Practicar el aborto.


No creo que este artículo vaya a cambiar nada de lo que ya está decidido en las altas esferas, sino únicamente para aclarar que un católico medio –como lo soy yo, y como lo son la mayoría de mis lectores- no piensa que la despenalización del aborto sea un asunto sobre el que valga la pena discutir. Los católicos no estamos a favor de la penalización; de lo que estamos en contra es del aborto. Por decirlo así, vamos mucho más allá de lo que un diputado, un magistrado o un senador puedan decir o determinar respecto a este desagradable asunto. ¿O creen éstos que yo me alegro por el hecho de que una mujer que ha abortado sea llevada a prisión? La verdad es que no me alegra nada, pues ya bastante tiene ésta con las palizas que le propinará toda la vida su propia conciencia. 

Cuando, por ejemplo, leo en el periódico o escucho en el noticiero de la tarde que un sujeto ha matado a su compadre, yo no suelo pensar en los años de cárcel que le esperan, sino en lo que este individuo va a experimentar durante el resto de su vida. ¡No es tan fácil olvidar que uno ha matado a alguien, y aun cuando el asesinato haya tenido lugar gracias a eso que suele llamarse «un penoso accidente», los remordimientos quedan! Y si esto es así, ¡cuánto más quedarán si el asesinato en cuestión ha sido urdido con paciencia y largo tiempo meditado!

Se quiere despenalizar el aborto. Yo no me opongo a su despenalización, pero me opongo al aborto. Diecinueve años de ejercicio sacerdotal –ya casi veinte- me han enseñado que difícilmente una mujer que ha tenido que recurrir a esta solución fatal llega, pasado el tiempo, a perdonarse a sí misma. ¿Que la policía no la persigue por lo que ha hecho? Eso es lo de menos. Lo terrible es esa policía interior que, como en El proceso de Kafka, no deja de mirarnos con unos ojos que nos dicen: «Eres culpable, lo quieras o no». Y entonces, para evitar esa mirada y acallar esa voz, se arman con pancartas y salen a las plazas a desgañitarse proclamando un derecho que bien sabían ellas que no tenían. 

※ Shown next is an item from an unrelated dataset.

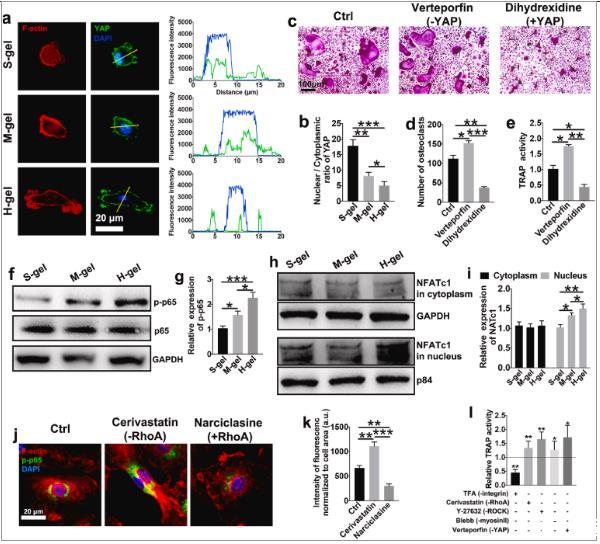 圖3、H-gel損害機(jī)械感應(yīng),從而促進(jìn)NF-κB信號傳導(dǎo)。(a)YAP(綠色)、F-肌動蛋白(紅色)和細(xì)胞核(藍(lán)色)染色的代表性免疫熒光顯微照片。線圖顯示黃色箭頭指示的區(qū)域的YAP和DAPI共定位。(b)YAP核定位通過核/細(xì)胞質(zhì)熒光強(qiáng)度的比率來測量。(n=6)。(c)用維替泊芬(YAP抑制劑)或二羥西定(YAP激動劑)處理的破骨細(xì)胞的代表性TRAP染色圖像。細(xì)胞在M-gel組上孵育。(d)量化與指定試劑一起孵育的破骨細(xì)胞的數(shù)量。(e)測量TRAP活性。(f)在RANKL存在下在所示水凝膠上孵育15分鐘后,對單核細(xì)胞/巨噬細(xì)胞磷酸化p65的相對水平進(jìn)行蛋白質(zhì)印跡分析。(g)p-p65水平與總p65水平的量化(n=3)。(h)檢測細(xì)胞質(zhì)(GAPDH作為細(xì)胞質(zhì)加載對照)和細(xì)胞核(p84作為核加載對照)中的NFATc1水平,并(i)進(jìn)行定量(n=3)。(j)RANKL刺激的BMM中F-肌動蛋白(紅色)、p-p65(綠色)和細(xì)胞核(藍(lán)色)的代表性免疫熒光染色。西立伐他汀,RhoA抑制劑。水仙環(huán)素,RhoA激活劑。(k)p-p65熒光強(qiáng)度的量化,標(biāo)準(zhǔn)化為細(xì)胞大小(n=6)。(l)在H-gel上與M-CSF和RANKL一起孵育3天后,用所示抑制劑處理細(xì)胞過夜,然后進(jìn)行TRAP活性測量。

Ya sé que hay quienes, para parecer liberales y desinhibidos, tratan en público estos temas con soltura y desparpajo, pero ellos sólo se limitan a opinar y, dado el caso, a dar manotazos en el estrado aduciendo que «la mujer tiene ese derecho». Pero luego se callan, cobran su sueldo y dejan a esa mujer sola con su pena. 

Si les preguntas, dirán que no van a dejarla sola y que, si ésta necesitara ayuda, la canalizarían al instante con un buen psicólogo para que la ayude a recuperar el equilibrio perdido. ¡Como si un problema tan serio como éste se arreglara mediante la ingesta de un tranquilizante! Con esto no quiero decir, evidentemente, que la psicología no sirva de nada; quiero decir que, por lo menos en esto, se requiere de algo más que de pura psicología.

Conocí una vez a una mujer que, habiéndose hecho practicar un aborto, luego, cuando quiso, ya no pudo tener hijos, y que gemía arañándose la cara: «¡Dios me ha castigado! ¡Dios me ha castigado!». Ahora bien, ¿cómo podrá la psicología solucionar este problema que sólo atañe a la teología?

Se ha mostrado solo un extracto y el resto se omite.